I remember that I started my shift at 8 a.m., and by 8, I already had a list of 50 scheduled visits. It was chaos; people didn't know what to do. I remember the types of patients that I was examining. The patients were a little older than what we were used to seeing in winter, with longer fevers. And I mentioned that to my fellowship mentor, and he, for his part, had heard the same from a colleague, about the large number of pregnant women and young adults being hospitalized in intensive care, with hard-to-manage clinical profiles. At that time, we set out to understand what was happening. First thing Monday morning, we took the car and went to a hospital in Buenos Aires Province, that served as a referral hospital for cases of the new influenza virus. We arrived at the hospital; it was crowded.
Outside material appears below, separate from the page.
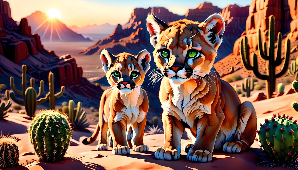 A vibrant image shows a fluffy baby puma in a desert canyon at sunset. The artwork features dynamic lighting and intricate details, reminiscent of splash art in a colourful, volumetric style.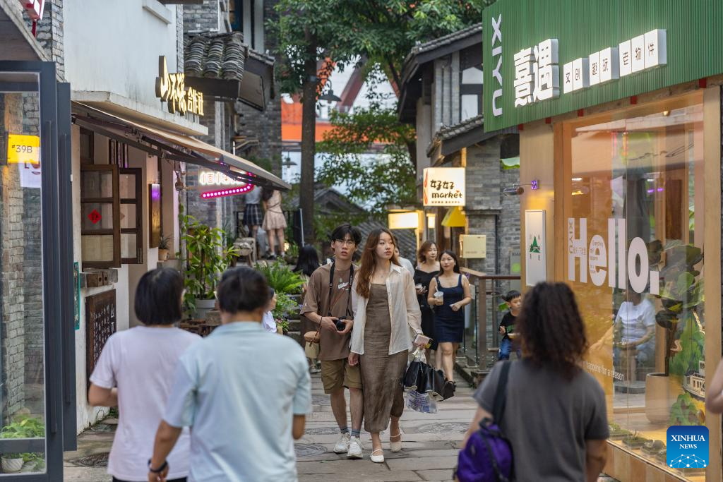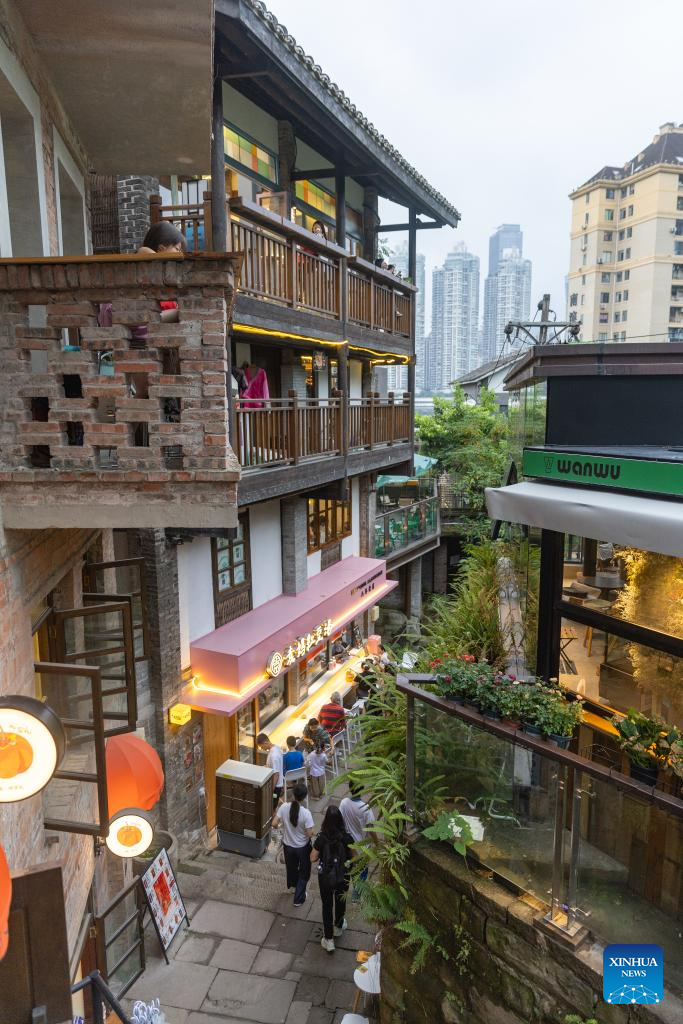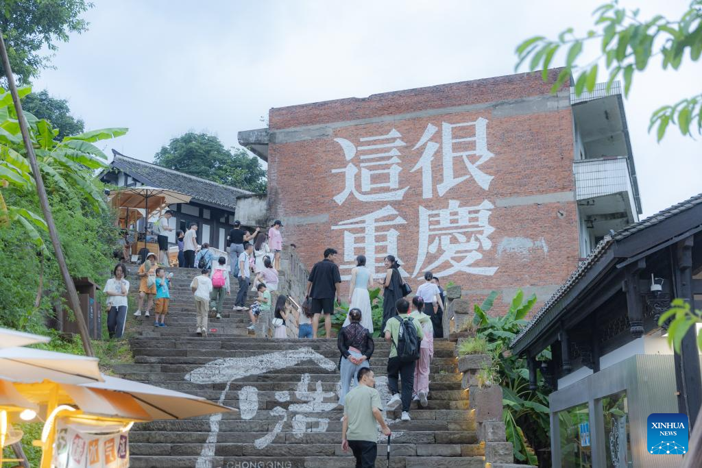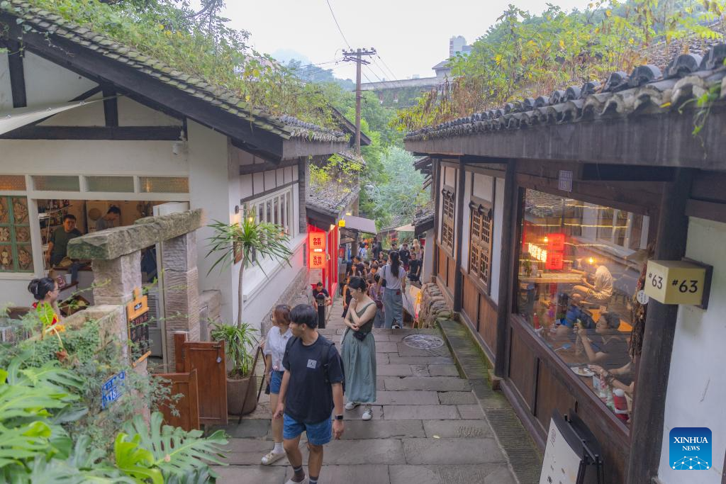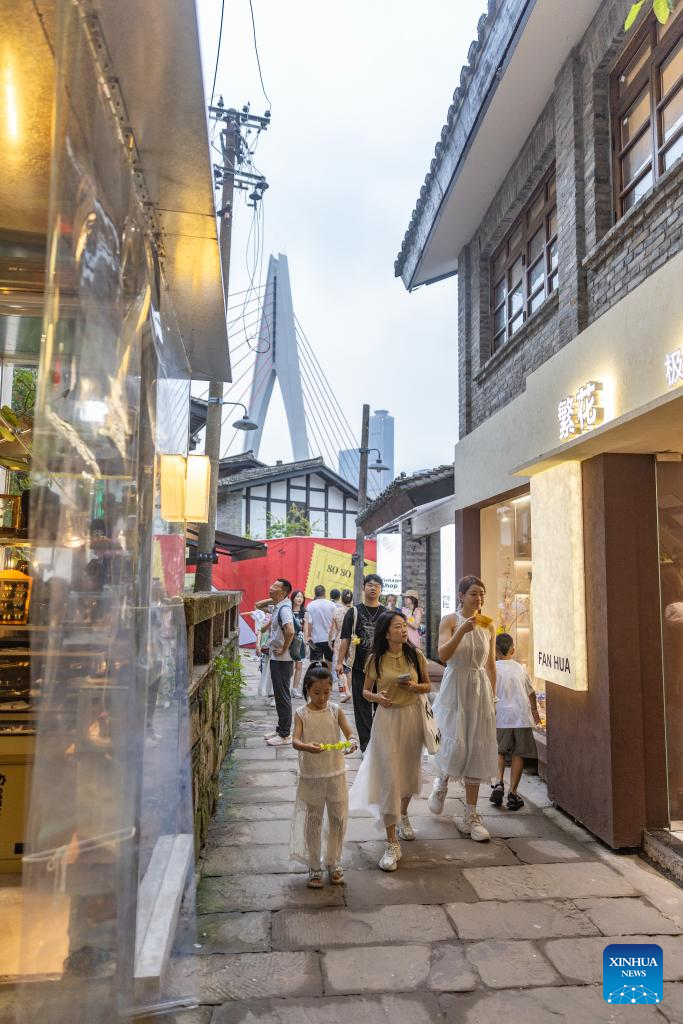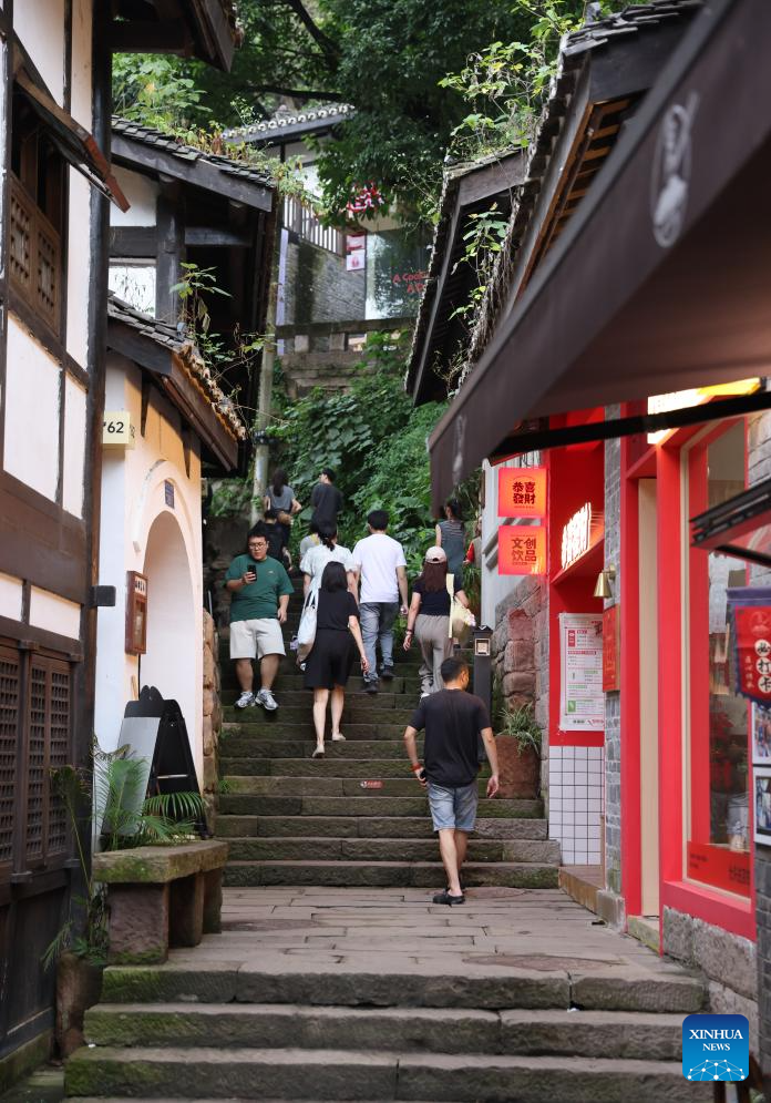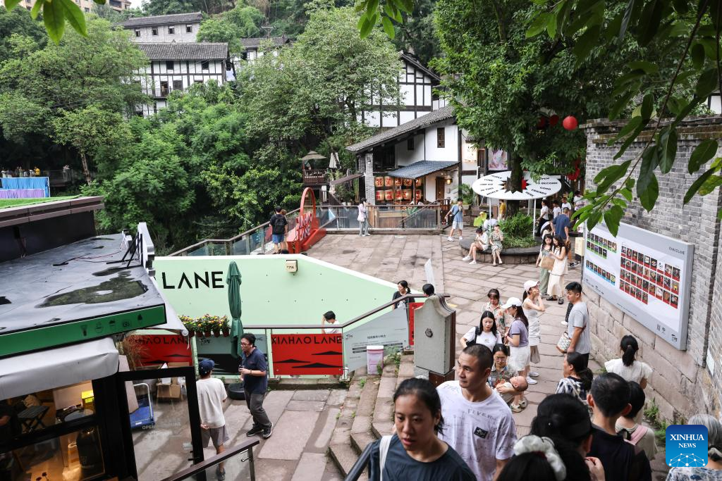 Tourists visit Longmenhao old street in Nan'an District in southwest China's Chongqing Municipality, July 28, 2024. Longmenhao old street, featuring more than 200 ancient architectures built in different forms and periods, was listed in the first batch of urban renewal pilot projects launched by Chongqing. In recent years, local authorities have been integrating natural, cultural, artistic, digital and other elements into the renovation of the street, and readjusting the layout according to its historical and cultural characteristics. The creative renovation and upgrading have incentivized young entrepreneurs, injected new vigor into the street and attracted more visitors. (Xinhua/Lyu Shuai)

All health staff were dressed in NASA-like bio-safety suits. We all had face masks in our pockets. I, being a hypochondriac, didn't breathe for two hours. But we could see what was happening. Immediately, we started reaching out to pediatricians from six hospitals in the city and in Buenos Aires Province. Our main goal was to find out how this new virus behaved in contact with our children, in the shortest time possible. A marathon work. In less than three months, we could see what effect this new H1N1 virus had on the 251 children hospitalized by this virus. We could see which children got more seriously ill: children under four, especially those less than one year old; patients with neurological diseases; and young children with chronic pulmonary diseases. Identifying these at-risk groups was important to include them as priority groups in the recommendations for getting the influenza vaccine, not only here in Argentina, but also in other countries which the pandemic not yet reached.
A year later, when a vaccine against the pandemic H1N1 virus became available, we wanted to see what happened. After a huge vaccination campaign aimed at protecting at-risk groups, these hospitals, with 93 percent of the at-risk groups vaccinated, had not hospitalized a single patient for the pandemic H1N1 virus. (Applause) In 2009: 251. In 2010: zero. Vaccination is an act of individual responsibility, but it has a huge collective impact. If I get vaccinated, not only am I protecting myself, but I am also protecting others. Sol had whooping cough. Sol was very young, and she hadn't yet received her first vaccine against whooping cough. I still wonder what would have happened if everyone around Sol had been vaccinated.